Binbir dereden su getirerek 1500 yıldır İslâm ulemasının ittifakla gittiği bir yoldan dönüp Ashab'ı tenkîde cürete kalkan şiîleşmişlerin yanılgılarını göstermek için, hata olarak değerlendirmemiz mümkün olan bazı davranışlarına rağmen, Ashâb karşısında takınmamız gereken edeb tavrını bizzat Resûlullah (aleyhissalâtu vesselâm)'ın sünnetinden bir misalle göstermeye çalışacağız. Misalimiz Hatib İbnu Ebî Belte'a ile alakalı. Kaydedeceğimiz vak'a o kadar mânidardır ki, bunu anladıktan sonra: "Ashab'ta irtidâd dışında görülebilecek en büyük kusur karşısında bile saygı ve edeb, Allah'a olan inancın gereği ve bir parçasıdır" dememek mümkün değildir. Çünkü Resûlullah (aleyhissalâtu vesselâm) öyle anlamış ve anlatmış.

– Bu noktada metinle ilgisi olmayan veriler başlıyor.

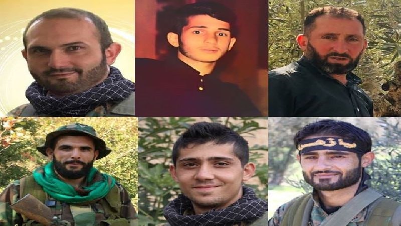 وحسب بيان المقاومة الشهداء المجاهدين: إسماعيل أحمد الزين "حيدر علي" من بلدة شحور، بلال نمر رميتي "أبو علي نور" من بلدة المجادل، علي خليل خريس "حيدر" من بلدة الخيام، عباس بسام شومان "أبو الفضل" من بلدة النبي نعام في بعلبك، إبراهيم حسن عطوي "أبو تراب" من بلدة الصوانة، ووسام محمد حيدر "أحمد عباس" من مدينة مرجعيون وسكان بلدة دبين جنوب لبنان، والذين ارتقوا أثناء قيامهم بواجبهم الجهادي.

Buhârî ve Müslim'in Sahîh'lerinde de anlatıldığı üzere vak'a şu: Hz. Peygamber (aleyhissalâtu vesselâm) Mekke'nin fethine karar vermiş ve bir kısım hazırlığına da başlamıştır. Düşüncesi Mekkelilere hazırlığına da, niyetinden hiçbir şey sezdirmemek, mukabil bir hazırlığa, tedbire girmelerini önlemek ve böylece onları âni bir baskında gâfil yakalayıp, hiç bir kan dökmeden sulh'e, teslim'e mecbur etmek. Bu stratejinin başarısı, görüldüğü üzere Mekkelilere Medine'den, müslümanlardan bir haber sızmaması esasına dayanıyordu. Muhtemel bir sızıntıyı önlemek için Hz. Peygamber (aleyhissalâtu vesselâm) tedbirlerin azamisini almaktadır. Öyle ki, en yakını, en güvendiği kimse olan Hz. Ebu Bekir'e bile niyetini belli etmemiştir. Bir şeyler sezinleyen Hz. Ebu Bekir bu hazırlıkların nereye olabileceğini kızı Hz. Aişe'ye sorduğu vakit, Hz.Aişe (radıyallahu anhâ)'nin beyan ettiği ihtimaller arasında Mekke'nin zikredilmemesi, Resûlullah (aleyhissalâtu vesselâm)'ın en yakınlarına bile bu meselede nasıl dikkatli ve hesaplı davrandığını, bu işteki gizliliğe ne derece ehemmiyet verdiğini gösterir. Öyle ki Medîne'ye giriş ve çıkışları yasaklayıp kontrol altına aldığı bile rivâyetlerde gelmiştir.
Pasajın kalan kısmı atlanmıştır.